### The data
○ ○ ○ ○ ○ ○ ○
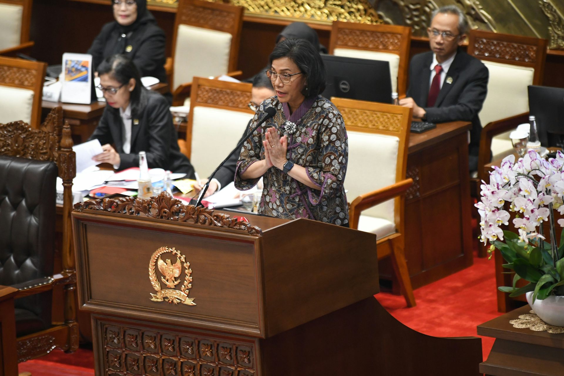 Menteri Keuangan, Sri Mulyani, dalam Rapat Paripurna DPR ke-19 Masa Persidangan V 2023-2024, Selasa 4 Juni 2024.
○ ○ ○ ○ ○ ○ ○
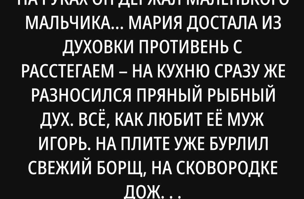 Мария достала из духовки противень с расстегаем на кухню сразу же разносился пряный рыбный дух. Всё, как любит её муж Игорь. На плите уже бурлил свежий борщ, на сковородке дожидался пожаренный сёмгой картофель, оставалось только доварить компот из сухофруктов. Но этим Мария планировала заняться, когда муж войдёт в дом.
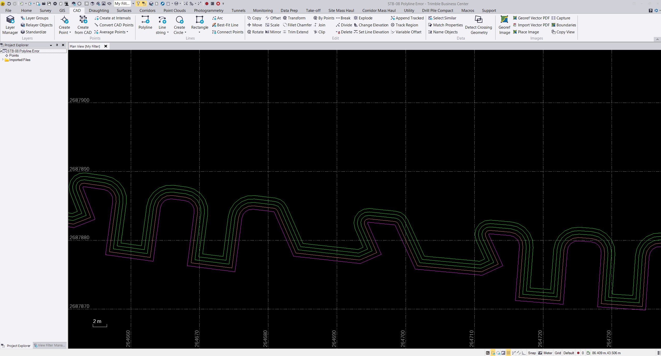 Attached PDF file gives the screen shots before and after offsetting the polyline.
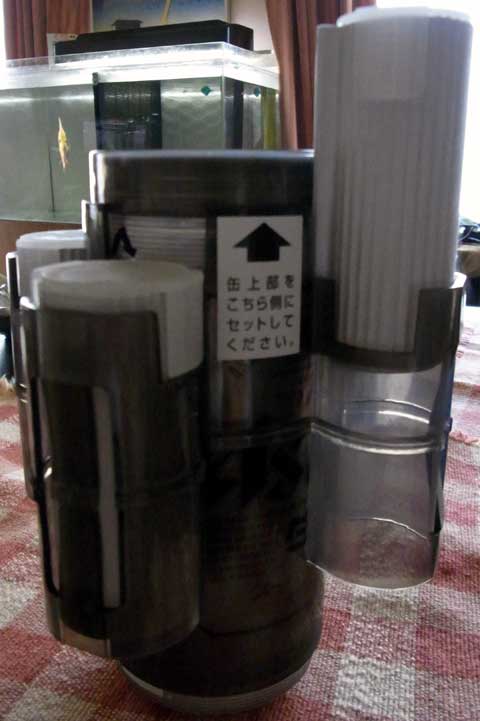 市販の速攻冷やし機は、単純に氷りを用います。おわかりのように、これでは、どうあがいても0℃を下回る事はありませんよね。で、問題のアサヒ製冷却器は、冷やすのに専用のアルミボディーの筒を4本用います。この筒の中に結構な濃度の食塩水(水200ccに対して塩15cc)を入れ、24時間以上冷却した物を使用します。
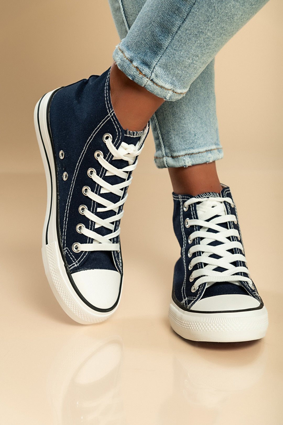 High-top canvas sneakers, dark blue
○ ○ ○ ○ ○ ○ ○
Using the data above, transcribe exactly the lines between those containing "Attached PDF file" and "High-top canvas sneakers, dark blue", inclusive, and leave every picture behind.

 Attached PDF file gives the screen shots before and after offsetting the polyline.
 市販の速攻冷やし機は、単純に氷りを用います。おわかりのように、これでは、どうあがいても0℃を下回る事はありませんよね。で、問題のアサヒ製冷却器は、冷やすのに専用のアルミボディーの筒を4本用います。この筒の中に結構な濃度の食塩水(水200ccに対して塩15cc)を入れ、24時間以上冷却した物を使用します。
 High-top canvas sneakers, dark blue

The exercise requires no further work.